A less broad type of question that one can ask might be categorized as: is some type of feature relevant for some task. For instance, are lexical semantics features derived via a hand-crafted resource (such as WordNet) useful for the task of coreference resolution? What about lexical semantics features derived automatically from the web? This type of question is the sort of thing that I looked at in an EMNLP 2005 paper. The answers seemed to be "no" and "yes" respectively.

There are several issues with trying to answer such questions. One issue is that typically what you're actually looking at is the question: can I figure out a way to turn WordNet into a feature vector that is useful for the task of coreference resolution? This is probably a partial explanation for why our community seems not to like negative results to such questions: maybe you just weren't sufficiently clever in encoding WordNet as features. Or maybe WordNet features are useful but there is some other set of features that's more useful that's just swamping the benefits of WordNet.

My first question is whether we're even going about this the right way. The usual approach is to take some baseline system, add WordNet features, and see if predictive performance goes up (i.e., performance on test data). This seems like a bit of a round-about way to attack the problem. After all, this problem of "does some feature have an influence on the target concept" is a classical and very well studied area of statistics: most people have probably seen ANOVA (analysis of variance), but there are many many more ways to try to address this question.
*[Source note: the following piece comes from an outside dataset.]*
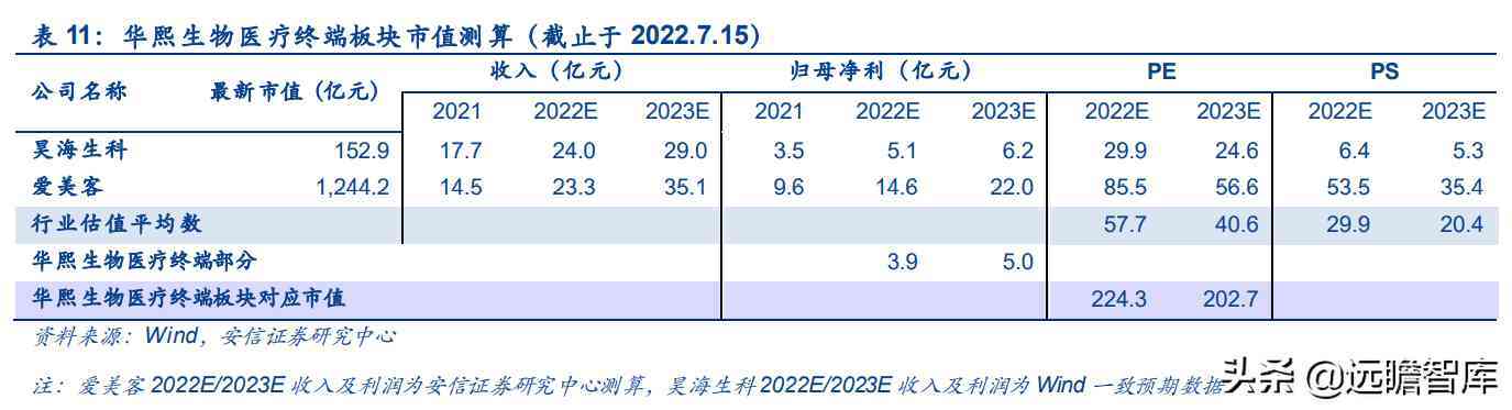 考虑华熙生物医疗终端板块业务包括医美及眼科、骨科等医疗用品,选取 A 股昊海生科及爱美客为可比公司,参考可比上市公司估值情况,给予2022年57.7xPE,医疗终端板块业务对应市值为224.3亿元。

And, importantly, they don't hinge on the notions of predictive performance. (Which almost immediately ties us in to "my system is better than yours.")

Now, I'm not claiming that ANOVA (or some variant thereof) is the right thing to do. Our problems are often quite different from those encountered in classical statistics. We have millions of covariates (features) and often complex structured outputs. I just wonder if there's some hint of a good idea in those decades of statistical research.

The other way to go about looking at this question, which at the time I wrote the EMNLP paper I thought was pretty good, is the following. The question is: why do I care if WordNet features are useful for prediction. Very rarely will they actually hurt performance, so who cares if they don't help? (Besides those people who actually want to know something about how language works.... though in this case perhaps it tells us more about how WordNet works.) The perspective we took was that someone out there is going to implement a coreference system from scratch (perhaps for a new language, perhaps for a new domain) and they want to know what features they should spend time writing and which ones they can ignore. This now is a question about predictive performance, and we did a form of backwards feature selection to try to answer it. If you look at Figure 2 in the paper, basically what you see is that you'd better implement string-match features, lexical features, count-based features, and knowledge-based features. On top of this, you can get another half point with inference features and another half again using gazetteers. But beyond that, you're probably wasting your time. (At the time of the EMNLP paper, one of this big "sells" was the count-based features, which are impossible in the standard pairwise-decision models that most people apply to this problem. I still think this is an interesting result.)

At any rate, I still think this ("what should I spend time implementing") is a reasonable way to look at the problem. But if you're moving to a new domain or new language, most likely all of your time/money is going to be spent annotating data, not implementing features. So maybe you should just go and implement everything you can think of anyway. And besides, if you want to make an argument about moving to different languages or different domains or even different amounts of training data, you should make those arguments specifically and do the experiments to back them up. For instance, how does Figure 2 in the EMNLP paper change when you have half the data, or a tenth the data? Maybe the lexical features don't matter as much and perhaps here WordNet might kick in?